■ PROBLEM ■
Return exactly the lines of the entries that start at the line containing "Comme la cause" and continue to the last line. Omit the pictures.

########

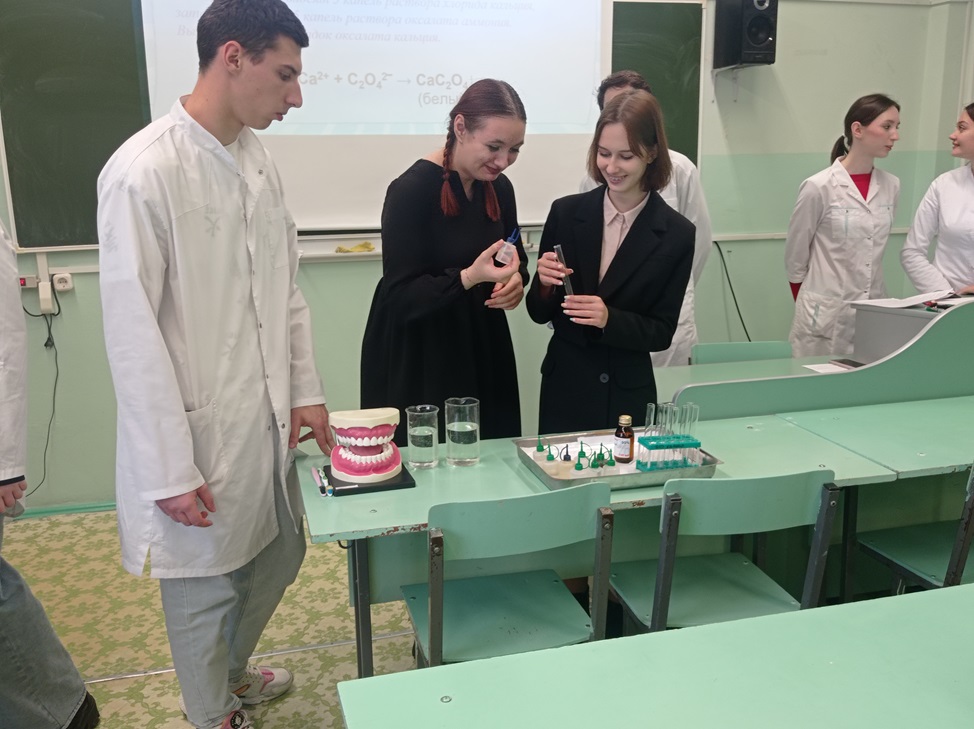 Участники мероприятия рассмотрели основные аспекты, связанные с предотвращением различных заболеваний полости рта, поддержанием здоровья зубов и гигиены ротовой полости. Обсудили проблему образования зубного налета, биохимические причины и последствия. Поговорили о мерах профилактики зубного камня, разрушения зубов. Также провели качественные реакции на макроэлементы, присутствующие в зубной ткани. Студенты-медики на модельной челюсти продемонстрировали присутствующим алгоритм корректной очистки полости рта. Будущие стоматологи поделились с аудиторией рекомендациями по профилактике и гигиене полости рта.
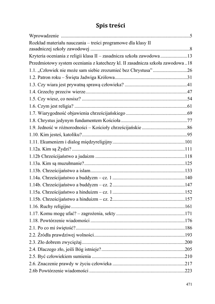 Spis treści Wprowadzenie ..........................................................................................................5 Rozkład materiału nauczania – treści programowe dla klasy II zasadniczej szkoły zawodowej..................................................................................8 Kryteria oceniania z religii klasa II – zasadnicza szkoła zawodowa.......................13 Przedmiotowy system oceniania z katechezy kl. II zasadnicza szkoła zawodowa...18 1.1. „Człowiek nie może sam siebie zrozumieć bez Chrystusa”.............................26 1.2. Patron roku – Święta Jadwiga Królowa............................................................31 1.3. Czy wiara jest prywatną sprawą człowieka?....................................................41 1.4. Grzechy przeciw wierze....................................................................................47 1.5. Czy wiesz, co nosisz?.......................................................................................54 1.6. Czym jest religia?.............................................................................................61 1.7. Wiarygodność objawienia chrześcijańskiego...................................................69 1.8. Chrystus jedynym fundamentem Kościoła.......................................................77 1.9. Jedność w różnorodności – Kościoły chrześcijańskie......................................86 1.10. Kim jesteś, katoliku?.......................................................................................95 1.11. Ekumenizm i dialog międzyreligijny............................................................101 1.12a. Kim są Żydzi?.............................................................................................111 1.12b Chrześcijaństwo a judaizm..........................................................................118 1.13a. Kim są muzułmanie?...................................................................................125 1.13b. Chrześcijaństwo a islam..............................................................................133 1.14a. Chrześcijaństwo a buddyzm – cz. 1............................................................140 1.14b. Chrześcijaństwo a buddyzm – cz. 2............................................................147 1.15a. Chrześcijaństwo a hinduizm – cz. 1............................................................152 1.15b. Chrześcijaństwo a hinduizm – cz. 2............................................................157 1.16. Ruchy religijne..............................................................................................161 1.17. Komu mogę ufać? – zagrożenia, sekty.........................................................171 1.18. Powtórzenie wiadomości..............................................................................176 2.1. Po co mi świętość?..........................................................................................186 2.2. Źródła prawdziwej wolności...........................................................................193 2.3. Zło dobrem zwyciężaj.....................................................................................200 2.4. Dlaczego zło, jeśli Bóg istnieje?.....................................................................205 2.5. Być człowiekiem sumienia.............................................................................210 2.6. Znaczenie prawdy w życiu człowieka............................................................217 2.6b Powtórzenie wiadomości...............................................................................223 471 2.7. Kultura bycia i słowa......................................................................................229 2.8. Między sztuką, profanacją a kiczem...............................................................236 2.9. Wartość pracy.................................................................................................248 2.10. Kultura bycia na drodze................................................................................254 2.11. Czas odpoczynku..........................................................................................259 2.12. Czy Kościół ma prawo „mieszać się” do polityki?.......................................266 2.13. Zasady życia społecznego.............................................................................274 2.14. Kościół wobec wojny i terroryzmu...............................................................282 2.15. Powtórzenie wiadomości..............................................................................290 3.1. Wyprawy krzyżowe........................................................................................295 3.2. Inkwizycja.......................................................................................................303 3.3. Historia Galileusza..........................................................................................309 3.4. Reformacja i Sobór Trydencki........................................................................315 3.5. Jan Paweł II o grzechach Kościoła.................................................................320 3.6. Nauczanie społeczne papieży.........................................................................328 3.7. Wiosna Kościoła. Sobór Watykański II..........................................................341 3.8. Co Polska i świat zawdzięczają chrześcijaństwu?..........................................349 3.9. Być patriotą dzisiaj.........................................................................................354 3.9b. Powtórzenie wiadomości..............................................................................362 4.1. Śmierć narodzinami dla nieba.........................................................................370 4.2. Dla kogo niebo?.............
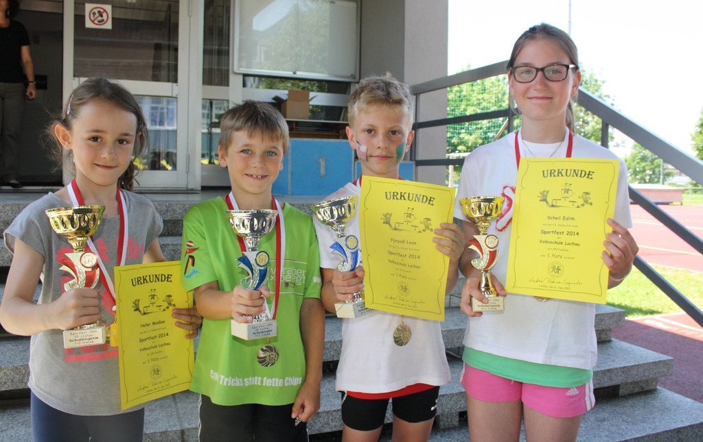 Die Schulsieger Madlen Haller (Mädchen 1./2. Klassen), Alexander Maringgele (Knaben 1./2. Klassen), Leon Fürpaß (Knaben 3./4. Klassen) und Edith Scheil (Mädchen 3./4. Klassen).
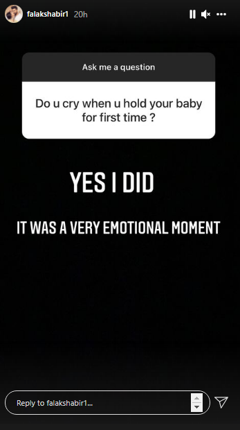 اسی دوران ایک مداح کی جانب سے پوچھے گئے سوال پر فلک نے تسلیم کیا بیٹی عالیانہ کی پیدائش کے بعد جب انہوں نے پہلی بار انہیں ہاتھوں میں اٹھایا تو وہ جذبات میں آکر آبدیدہ ہوگئے۔
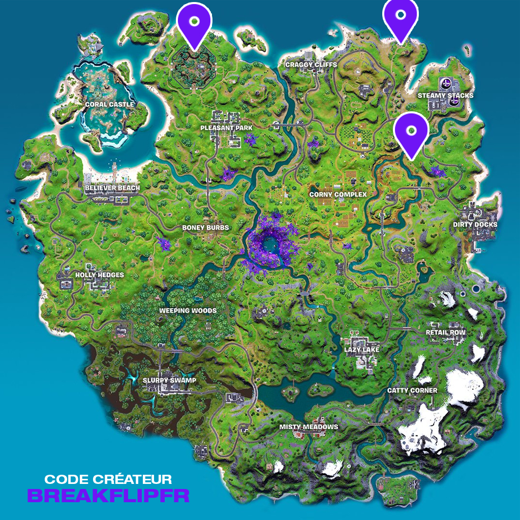 proposés par la quête. Le premier se trouve à Stealthy Stronghold, le second au nord de Steamy Stacks, et le dernier au sud de Steamy Stacks.
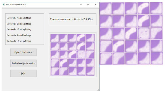 Due to the immature manufacturing technology, scratch defects (as shown in Figure 14b) are commonly found in EWD devices. Scratch defects are a kind of irreparable defects. It has no fixed shape, and its main image feature is black. Hence, to reduce the interference of oil motion, the proposed scheme detected scratch defects at the reset stage. The scratch detection results are displayed in the GUI (as shown in Figure 14a). In addition, the system records the defective pixel numbers and saves them to the specified directory. Users can query the previous detection results in the history option.
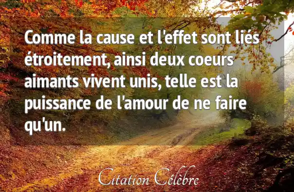 Comme la cause et l'effet sont liés étroitement, ainsi deux coeurs aimants vivent unis, telle est la puissance de l'amour de ne faire qu'un.
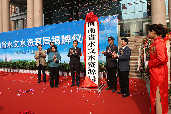 最后,在热烈而隆重的气氛中,河南省水利厅党组书记、厅长,河南省南水北调中线工程建设领导小组办公室主任,省政府移民办公室主任王树山和水利部水文局副局长蔡建元共同为河南省水文水资源局揭牌,伴随着礼花和音乐,河南省水文水资源局揭牌仪式圆满结束。
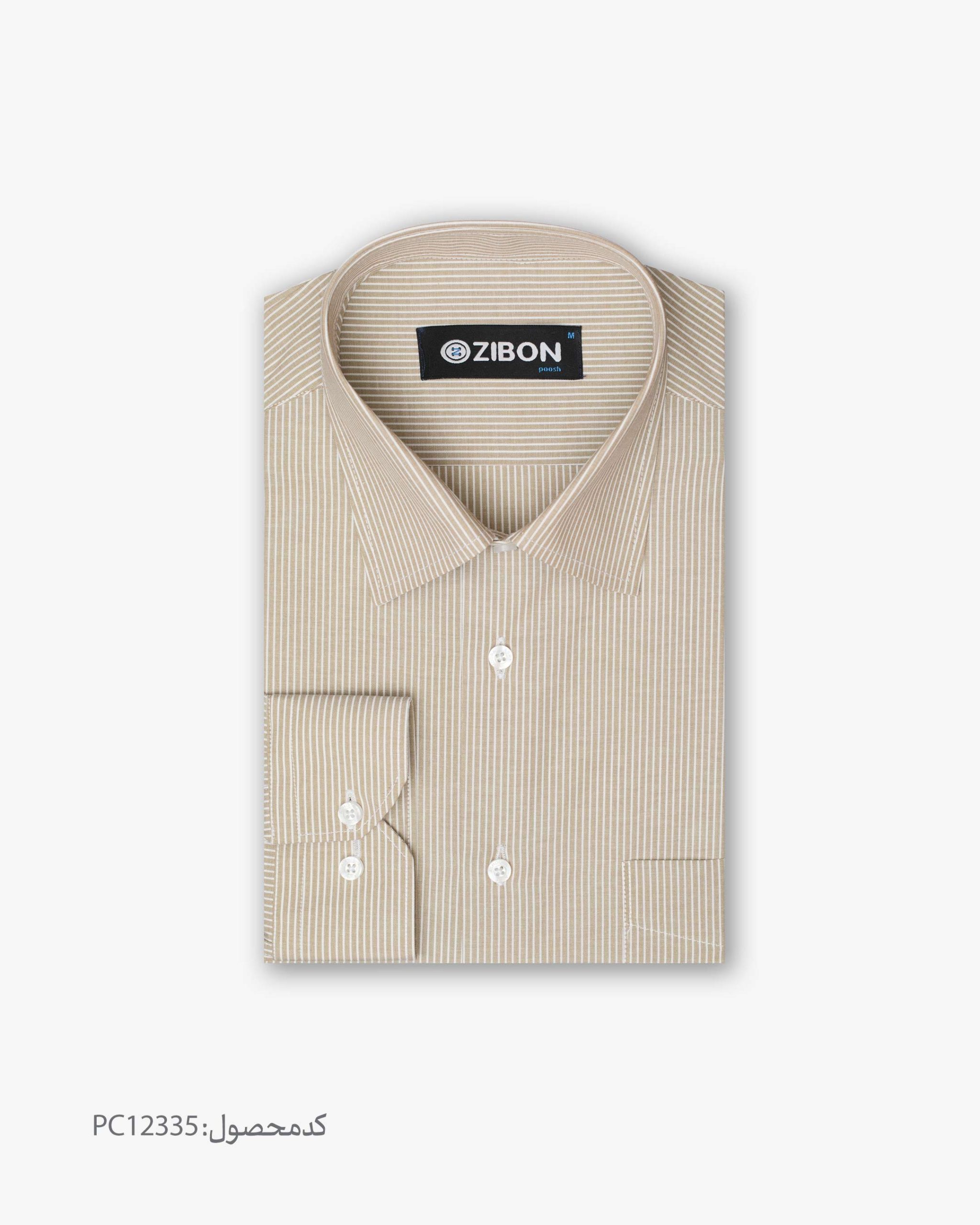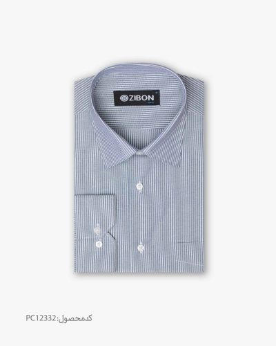 پیراهن تترون یقه دیپلمات کلاسیک راه راه زمینه طوسی کد PC12132

########

■ EXPECTED ANSWER ■
 Comme la cause et l'effet sont liés étroitement, ainsi deux coeurs aimants vivent unis, telle est la puissance de l'amour de ne faire qu'un.
 最后,在热烈而隆重的气氛中,河南省水利厅党组书记、厅长,河南省南水北调中线工程建设领导小组办公室主任,省政府移民办公室主任王树山和水利部水文局副局长蔡建元共同为河南省水文水资源局揭牌,伴随着礼花和音乐,河南省水文水资源局揭牌仪式圆满结束。
 پیراهن تترون یقه دیپلمات کلاسیک راه راه زمینه طوسی کد PC12132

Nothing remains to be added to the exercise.